That is not the lesson your experience. The lesson is the make sure there is
demand before putting in a ton of time, especially when you're going to be
bitter about it later.

Your project was doomed from the start.

You committed the time to build 5 websites and SEO them to the top spot before
you had _any_ demand.

If you had waited until a restuarant actually wanted a website, and then
realized that even a small application can be made in a few hours for a few
$hundred, then you may have had better results. Pre-emptively making websites
or scripts is the opposite of what I've suggested.

So the next lesson is to not do work before getting paid (unless it is also a
hobby - like building a database class that you will use in freelance
projects).

I would have also approached selling the websites differently. Showing someone
a website you're trying to sell them and then finishing with "I just need to
change some pictures and stuff" isn't that compelling. You have 5 websites.
Customize one for each restuarant you're talking to. They pass? Change it up
with different pictures and titles. Let the customer see what they're buying,
not some representation. This is more time consuming, but it will help sales.
You already sunk time to designing, building, and SEOing the sites, so an
additional unpaid 20 minutes probably won't hurt you too much.

Also you can't just assume why people didn't buy the websites. You should have
done some random calling after the fact to determine _why_ people weren't
buying. But I will throw out a few ideas on that too.
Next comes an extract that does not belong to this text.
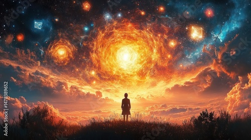 Silhouette of a person standing on grass facing a fiery glowing swirling celestial sky filled with bright stars and geometric light shapes in vibrant orange and blue hues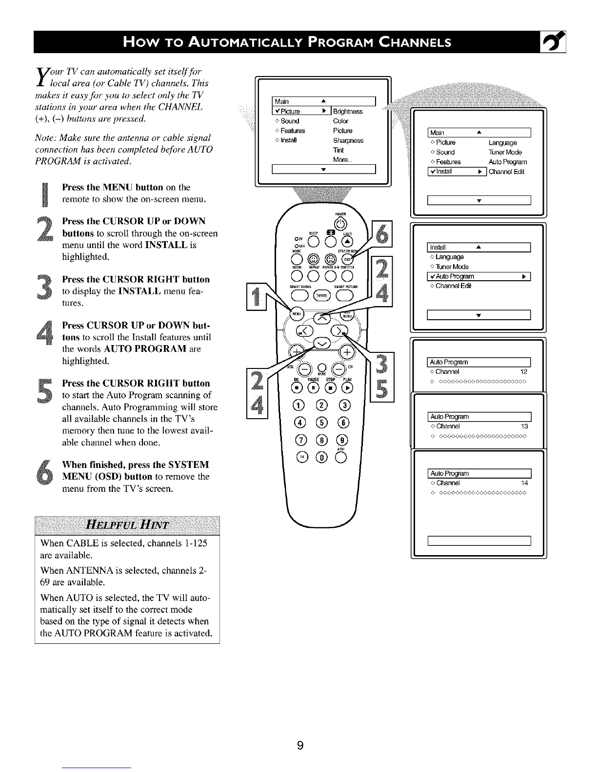 Press the CURSOR RIGHT buttonto display the INSTALL menu fea-

You approached restaurants trying to sell them a commodity without knowing
what they want. They could have not bought because of the price, because they
didn't like the colors, they were intimidated by it's complexity, underwhelmed
by its simplicity, or because they didn't think they needed a website (you
really need to be making calls).

When someone comes to you with a budget and a need for a website, you are in a
position of power. You can dictate more terms. Building a random websie
without requirements or a scope and then approaching people takes the power
out of your hands.

Finally, there are thousands of companies that don't have a website because
they don't know how to make one or think they cost tens of thousands of
dollars. These are the types of companies you can be trying to advertise to
(but not cold call/approach).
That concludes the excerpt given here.